Il sourit, tout en faisant glisser sa main dans son cou, vers sa poitrine, pour aller la poser sur le nœud de la serviette qui dissimulait encore l'objet de tous ses désirs.

- C'est trop tard, je l'ai trouvée. Elle est toute à moi, répondit-il, dénouant d'un geste la serviette, et la laissant tomber sur le sol.

- Oui. Toute à toi, chuchota-t-elle contre sa bouche, avant d'y déposer un baiser.

Il soupira de plaisir, et happa ses lèvres, tendrement d'abord, mais très vite, leurs bouches se firent avides, gourmandes, se saisissant rageusement, se goûtant amoureusement. Submergé par le désir, grisé par la volupté de leur baiser, il la fit tourner, pour la plaquer contre la porte, sans cesser de dévorer sa bouche. Il ressentait le désir impatient de Kate à l'intensité de ses mains qui parcouraient fiévreusement son dos, s'enfouissaient dans ses cheveux, glissaient dans son cou, puis s'attardaient sur son torse, laissant courir ses doigts sur sa poitrine. Une myriade de caresses voluptueuses et désordonnées, de baisers brûlants, qui décuplaient leur désir à tous deux.

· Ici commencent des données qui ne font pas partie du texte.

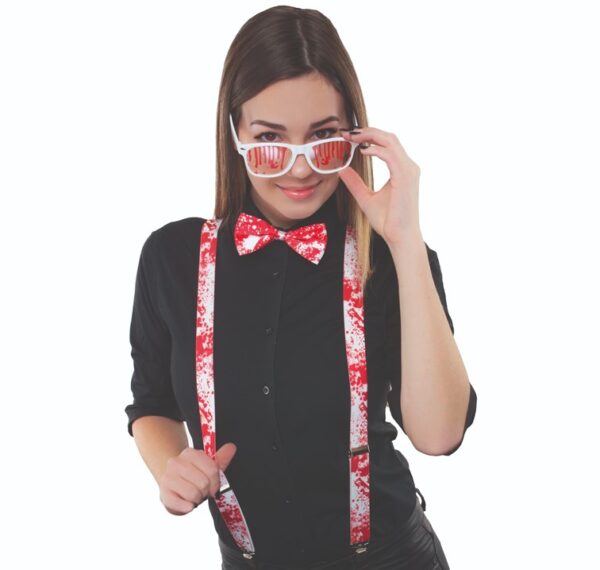 Bestel de Set bloedlust 3 delig – bril, strik en bretel – Halloween bij J-Martens. Complete accessoires voor een griezelige Halloween look, perfect voor feesten, verkleedpartijen en kostuumwedstrijden.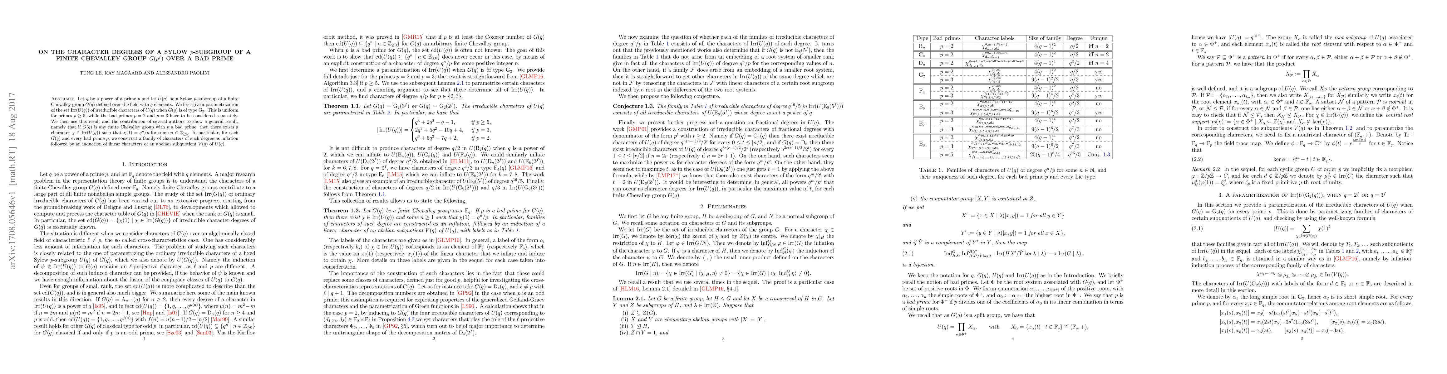 Let $q$ be a power of a prime $p$ and let $U(q)$ be a Sylow $p$-subgroup of a finite Chevalley group $G(q)$ defined over the field with $q$ elements. We first give a parametrization of the set $\text{Irr}(U(q))$ of irreducible characters of $U(q)$ when $G(q)$ is of type $\mathrm{G}_2$. This is uniform for primes $p \ge 5$, while the bad primes $p=2$ and $p=3$ have to be considered separately. We then use this result and the contribution of several authors to show a general result, namely that if $G(q)$ is any finite Chevalley group with $p$ a bad prime, then there exists a character $\chi \in \text{Irr}(U(q))$ such that $\chi(1)=q^n/p$ for some $n \in \mathbb{Z}_{\ge_0}$. In particular, for each $G(q)$ and every bad prime $p$, we construct a family of characters of such degree as inflation followed by an induction of linear characters of an abelian subquotient $V(q)$ of $U(q)$.

Un instant, ils reprirent leur souffle, tentant de maîtriser cette impatience, et cette envie furieuse, pour faire durer le plaisir. Tout en la contemplant, s'efforçant de rester maître de ses pulsions, il sentit les mains de Kate se poser sur sa ceinture pour la détacher, avant de faire glisser son pantalon à ses pieds. Il acheva de se dévêtir, pour se retrouver à son tour nu face à elle. Plongeant ses yeux dans les siens, pour y lire son plaisir, elle posa doucement sa main sur son sexe, dur et dressé d'envie, le caressant légèrement du bout des doigts, juste pour sentir à quel point elle l'excitait. La caresse légère mais exquise de sa femme enflamma tous ses sens.

- Viens …, fit-elle, le prenant par la main pour l'entraîner vers les douches.